En raison de douleurs et de la survenue d’une infection nosocomiale il fera l’objet de deux nouvelles interventions dans un autre hôpital pour ablation et repose du matériel, après traitement de l'infection.

Ce patient estime ne pas avoir pris été pris en charge de manière adéquate lors des deux premières interventions et assigne les deux médecins cardiologues qui l’ont pris en charge.

Le tribunal va retenir, au titre de la surveillance post-opératoire, la responsabilité non seulement du médecin opérateur mais aussi celle du médecin cardiologue de garde.

Quel est le médecin en charge du suivi post-opératoire ?

Le tribunal va avoir recours à la notion de médecin référent.
Il considère que c’est celui dont le nom ressort des fiches de suivi pré et post-opératoires, de l’ordonnance de sortie et de la fiche de liaison
Il s’agit, dans cette affaire, et sans surprise, du chirurgien cardiologue en charge de l’intervention.
Le tribunal estime, qu’à ce titre, il était en charge du suivi post opératoire et que le patient est donc demeuré sous sa surveillance à la suite de l’intervention, sauf pendant le temps de garde lié à un jour férié ou lors de son absence des locaux.

Quelle responsabilité pour ce médecin référent ?

Le tribunal va se référer aux conclusions des experts judiciaires ; il relève que ceux-ci ont retenu un retard de diagnostic alors que les doléances du patient auraient du alerter le médecin référent sur l'éventualité d’une infection.

Il considère qu’en outre, l’ensemble des précautions et des soins utiles n’ont pas été pris avant le transfert du patient et que ces manquements ont eu pour conséquence d’engendrer des douleurs supplémentaires, sans avoir toutefois contribué à aggraver l’état de santé du patient.

Quelle responsabilité pour le médecin de garde ?

Il est reproché à ce médecin de s’être montré attentiste.

Il faisait valoir qu’il n’était intervenu que de façon très ponctuelle et que le suivi post-opératoire incombait, au premier chef, à l'opérateur.
Le tribunal ne va pas le suivre dans son argumentation : il relève qu’il est établi que ce praticien est intervenu, dans le cadre de sa garde, après chacune des interventions et en particulier après la seconde intervention.

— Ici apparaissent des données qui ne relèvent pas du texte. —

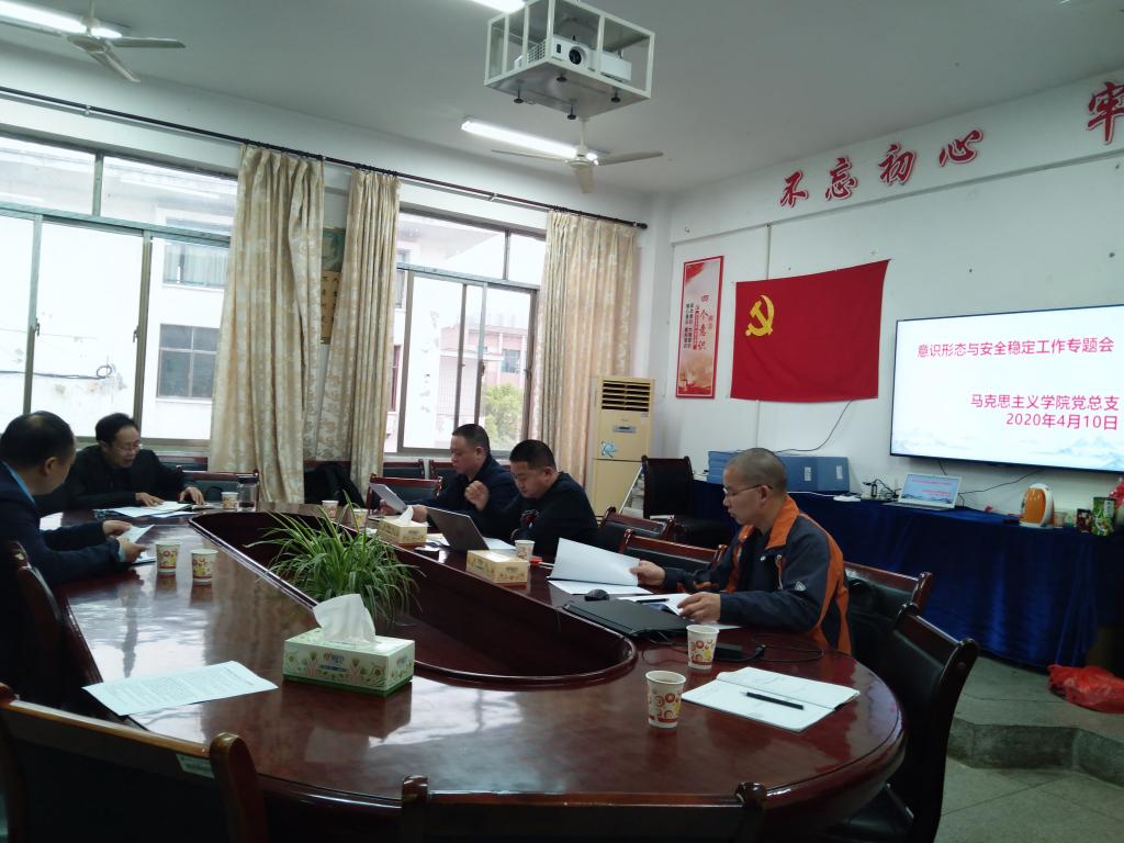 4月10日下午,太阳成官网党总支召开意识形态与安全稳定工作专题会在致远楼516会议室召开。会议由院党总支书记游训龙主持,全体党总支成员参加。
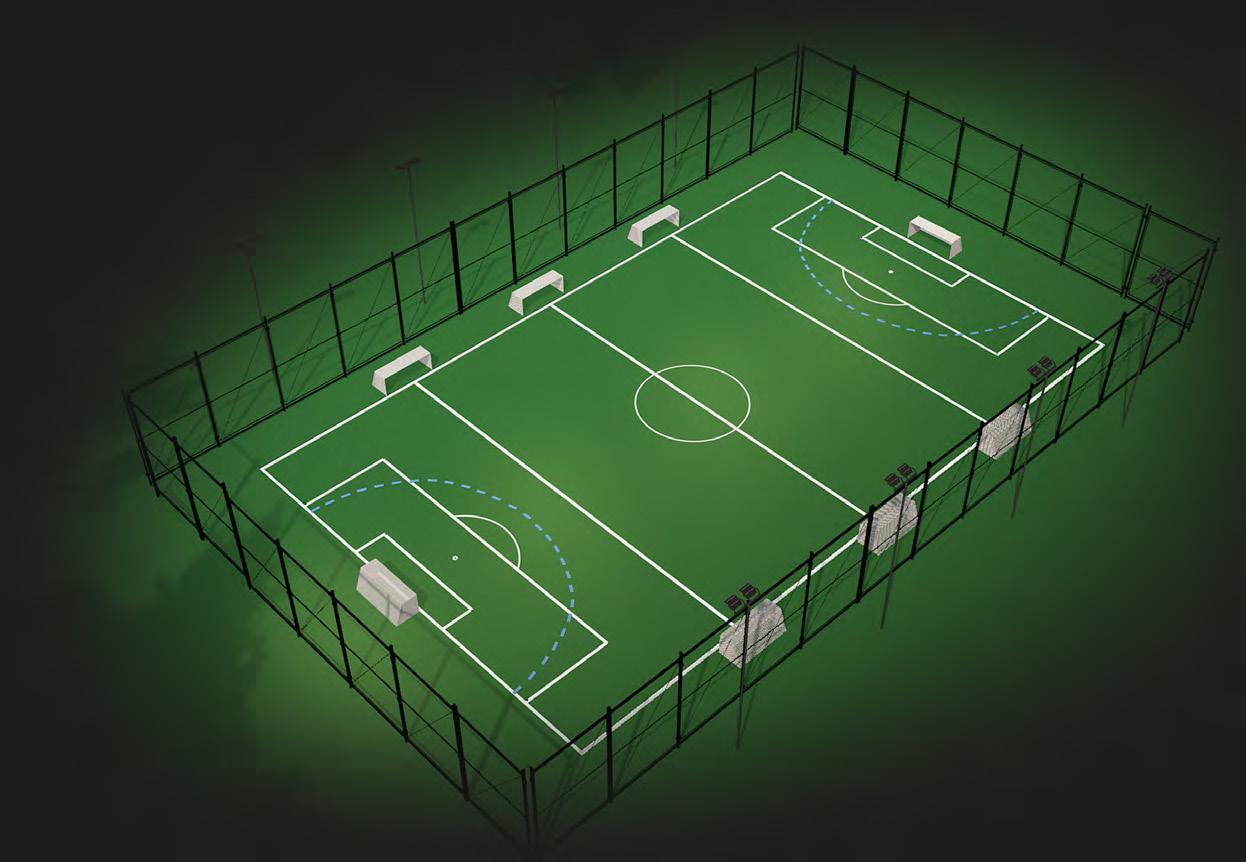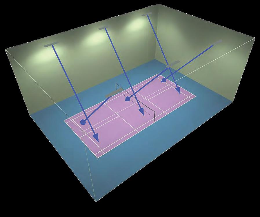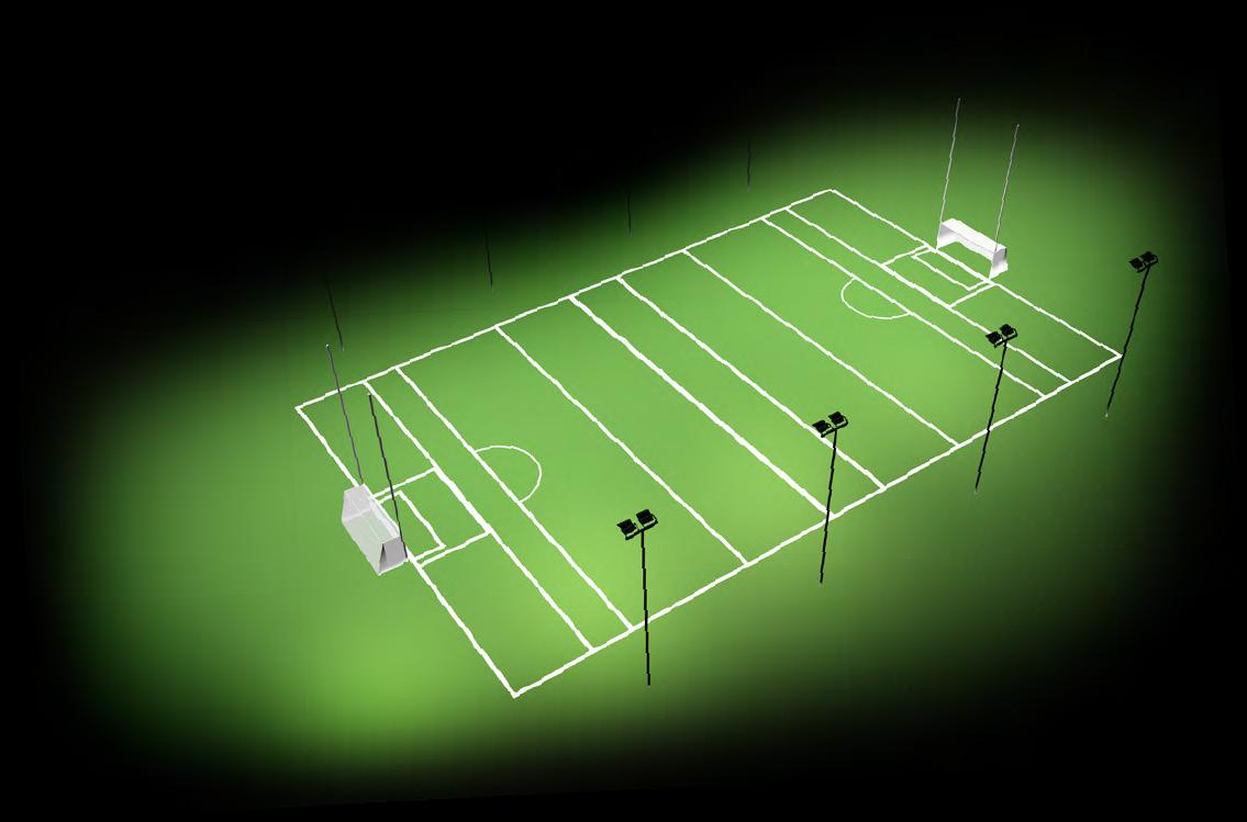 • Siden ballen kan spilles både på bakken og i luften, må belysningen sikre at hele ballbanen er synlig, samtidig som skyggeeffekter reduseres.

Il considère que le suivi post-opératoire lui incombait donc également et, de leur côté, les experts le retiennent comme acteur de soins.
Il lui est reproché de ne pas avoir ponctionné la cicatrice alors qu’il soupçonnait un début d’infection et de ne pas avoir suffisamment pris en compte les doléances du patient.

Le tribunal estime qu’il s’agit là de manquements dans le suivi post-opératoire.

Quelle a été la solution adoptée par le tribunal ?

Celui-ci conclut que les manquements des deux médecins ont contribué à l'aggravation de la situation du patient et au retard dans la prise en charge de l’infection ;  ils sont tous deux tenus à indemniser le patient  des souffrances qu’il a subies de ce fait, le médecin référent pour une part prépondérante (70%) et le médecin de garde pour une part moindre (30%).

Que retenir de cette décision?

Le médecin de garde, quelle que soit sa spécialité, et même s’il n’intervient que ponctuellement, pourra voir sa responsabilité engagée au titre d’un manquement dans le suivi post-opératoire en tant qu' "acteur de soins".

Il s’agit là d’une décision classique : la jurisprudence tend à retenir la responsabilité personnelle de chacun des médecins intervenus dans la prise en charge du patient.

Cette affaire concernait deux médecins cardiologues mais cela aurait pu être tout aussi vrai dans une autre spécialité telle que la chirurgie ou l’anesthésie.